From the entries that follow, reproduce exactly and only the lines from the line with "SILVER - Pool Ball Wizards" to the line with "This mushroom is a fungus.", endpoints included.

#### Input for this task
-- Opening Marker --
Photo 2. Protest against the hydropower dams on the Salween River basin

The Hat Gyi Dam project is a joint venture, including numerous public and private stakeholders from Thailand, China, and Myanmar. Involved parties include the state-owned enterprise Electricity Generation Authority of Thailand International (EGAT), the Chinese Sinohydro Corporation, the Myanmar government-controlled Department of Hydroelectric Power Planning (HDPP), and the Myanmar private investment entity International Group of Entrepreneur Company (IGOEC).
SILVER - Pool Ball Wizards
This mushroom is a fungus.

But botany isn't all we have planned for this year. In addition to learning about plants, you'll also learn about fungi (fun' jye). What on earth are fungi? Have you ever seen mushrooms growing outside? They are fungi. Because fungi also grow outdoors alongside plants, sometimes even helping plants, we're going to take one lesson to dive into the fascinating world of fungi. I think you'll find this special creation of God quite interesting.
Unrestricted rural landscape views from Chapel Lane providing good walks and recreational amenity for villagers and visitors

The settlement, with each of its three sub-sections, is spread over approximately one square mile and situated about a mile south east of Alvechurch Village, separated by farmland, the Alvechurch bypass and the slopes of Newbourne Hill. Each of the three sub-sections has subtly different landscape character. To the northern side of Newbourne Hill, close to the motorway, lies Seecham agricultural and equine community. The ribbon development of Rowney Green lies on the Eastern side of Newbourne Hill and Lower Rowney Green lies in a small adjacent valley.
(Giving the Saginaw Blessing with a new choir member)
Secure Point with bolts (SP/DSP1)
-- Closing Marker --
-- Opening Marker --
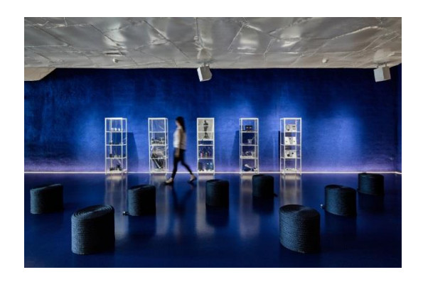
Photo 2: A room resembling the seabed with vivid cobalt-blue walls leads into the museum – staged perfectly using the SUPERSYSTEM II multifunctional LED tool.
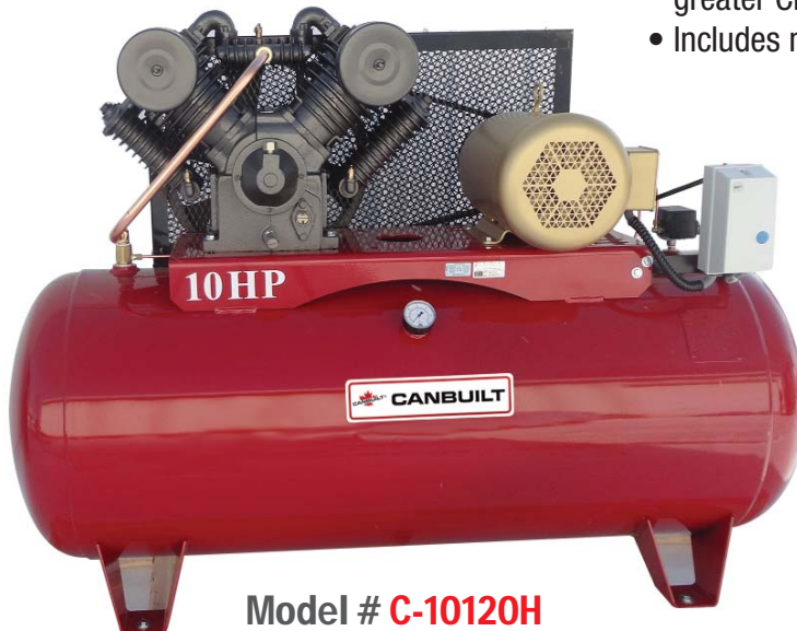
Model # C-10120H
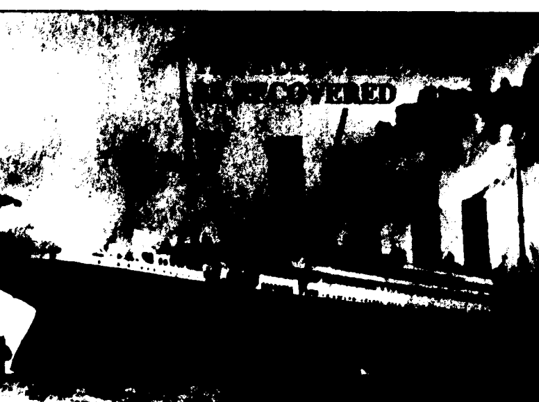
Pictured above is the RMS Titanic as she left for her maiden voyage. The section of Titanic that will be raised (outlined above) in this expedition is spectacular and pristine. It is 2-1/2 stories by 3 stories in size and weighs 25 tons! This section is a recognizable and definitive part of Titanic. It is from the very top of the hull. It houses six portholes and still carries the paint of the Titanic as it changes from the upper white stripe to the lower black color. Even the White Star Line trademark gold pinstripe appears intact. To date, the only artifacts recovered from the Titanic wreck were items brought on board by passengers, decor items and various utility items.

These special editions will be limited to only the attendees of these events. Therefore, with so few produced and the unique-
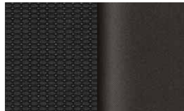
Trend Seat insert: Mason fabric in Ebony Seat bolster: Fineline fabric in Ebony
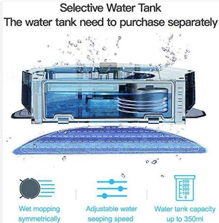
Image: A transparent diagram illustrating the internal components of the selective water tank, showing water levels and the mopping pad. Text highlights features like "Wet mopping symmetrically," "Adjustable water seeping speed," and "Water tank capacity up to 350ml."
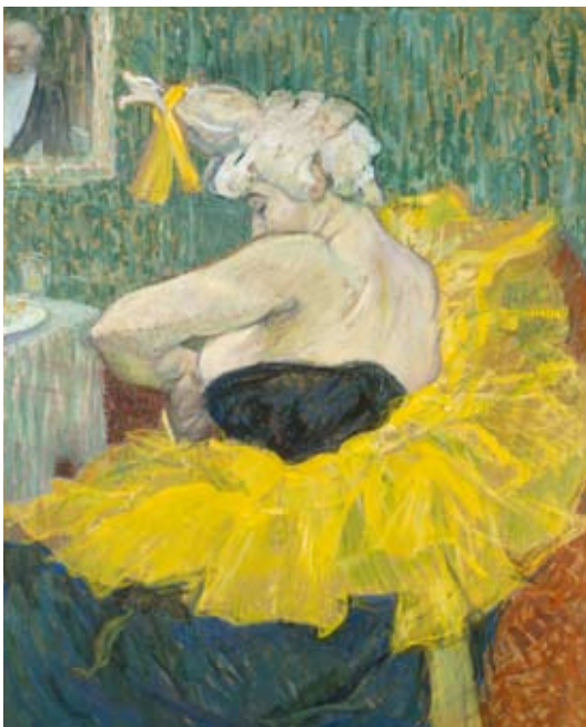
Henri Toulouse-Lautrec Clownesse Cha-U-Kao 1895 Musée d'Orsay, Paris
-- Closing Marker --
#### Answer for the task
SILVER - Pool Ball Wizards
This mushroom is a fungus.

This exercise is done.